Programmers use the stream type operator to declare a new stream
type. Such a declaration names the new type and specifies both the
physical and the logical representations of the records in
the stream. Intuitively, the physical representation describes the
(highly encoded) structure of the records as they exist on disk, while
the logical representation describes an expanded form convenient for
programming. The declaration specifies a function to convert from
encoded physical to expanded logical records. For example, the
following code declares a stream type callStream:
stream callStream {
getvalidcall : PCallRec_t => callRec_t;
}
For this stream, the physical type is PCallRec_t, the logical
type is callRec_t, and the conversion function getvalidcall constructs a logical record from a physical one.

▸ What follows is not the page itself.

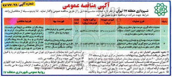 شهرداری منطقه 17 تهران درنظر دارد عملیات مشروحه ذیل را ا ز طریق مناقصه عمومی واگذار نماید لذا بدینوسیله از متقاضیان واجد شرایط جهت شرکت در مناقصه دعوت بعمل می آید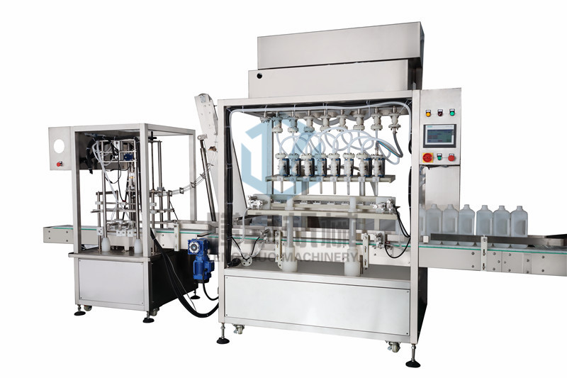 1.全自動生產線流程:人工把瓶放輸送帶上-自動灌裝-自動理蓋下蓋-自動旋蓋-人工收瓶

Function getvalidcall has type
char getvalidcall(PCallRec_t *pc, callRec_t *c)
This function checks that the record *pc is valid, and if so,
unpacks *pc into *c and returns true to indicate a
successful conversion. Otherwise, getvalidcall simply returns
false. Programmers can declare variables of type callStream
using standard C syntax (for example, callStream calls).
We represent streams on disk as a directory that contains binary
files. Hancock's wiring-diagram mechanism, which we discuss in
Section 5, provides a way to match the name of a
directory to a stream.
3.2 Signature data
Hancock provides two mechanisms for describing signature data.

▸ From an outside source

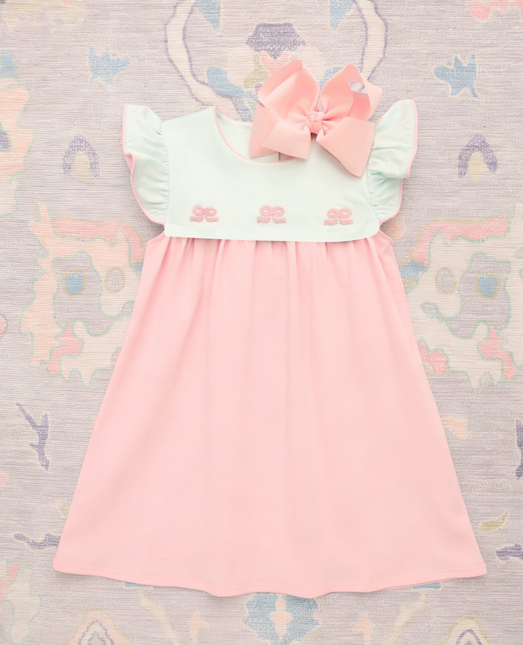 1.5 GSD3530 Pre order No Moq Baby Girls Flutter Sleeve Pink Bows Knee Length Dresses

Programmers use the record declaration to specify the format of
a profile and the map declaration to
specify the mapping between phone numbers and
profiles.
Records are designed to capture the relationship depicted in Figure
2. They specify the types for the signature and
approximation views of a profile, as well as the freeze and thaw
expressions for converting between these types. We use the following
simple record to introduce the pieces of a record declaration.
record uField(ufSig, ufApprox){
int <=> char;
ufSig(b) = bucketToSec[b];
uApprox(s) = secToBucket(s);
}
This declaration introduces three types:
-
uField: the type of the record,
- ufSig: the type of the left-hand view (int), and
- ufApprox: the type of the right-hand view (char).
The ufSig(b) = ... portion of the record declaration specifies
how to thaw ufApprox b to produce a ufSig value.
Similarly, ufApprox(s) = ... specifies how to freeze a uSig s to obtain a uApprox value. In this application,
uApprox(s) uses the function secToBucket to convert the
seconds stored in integer s into a bucket number, and uSig(b) uses the array bucketToSec to convert a bucket
stored in b into the corresponding mean number of seconds for
that bucket. Together, these expressions are an example of where thaw(freeze(s)) does not equal s.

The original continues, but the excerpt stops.